Persistence pays.

Kevin Kinard was visiting Arkansas' Crater of Diamonds State Park when he discovered a 9.07 carat diamond.

Kinard, from Maumelle, Arkansas, has been going to park since a second-grade field trip -- even though he had always come back empty handed.

He's 33 now. And he's got the second-largest diamond found in the park's history.

Kinard was at the park with friends on Labor Day.

"Anything that looked like a crystal, I picked it up and put it in my bag," he said in a news release from the park.

The bank branch manager then came across a marble-sized crystal.

"It kind of looked interesting and shiny, " Kinard said. "I just thought it might've been glass."

After hours of searching, the friends stopped by the park's Diamond Discovery Center to have their stones examined.

Moments later, Kinard was called into an office and given the good news.

"I honestly teared up when they told me.
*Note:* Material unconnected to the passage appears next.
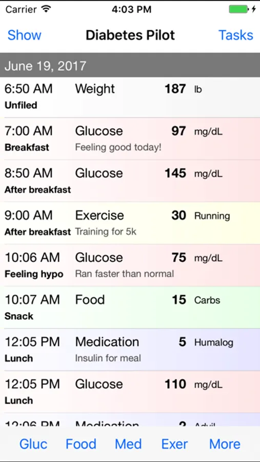 - Records glucose (mg/dL or mmol/L), medications, meals, exercise, blood pressure, weight, and notes about test results or any other information that's of interest to you.

I was in complete shock," he said.
He decided to call his find the Kinard Friendship Diamond.

"It weighs 9.07, and I found it on 9/7. I thought that was so unique."

More than 75,000 diamonds have been unearthed at the park since the first ones were discovered in 1906.

The park has a "finders keepers" policy, which is pretty generous considering the many large diamonds that have been found there, as regular CNN readers may recall.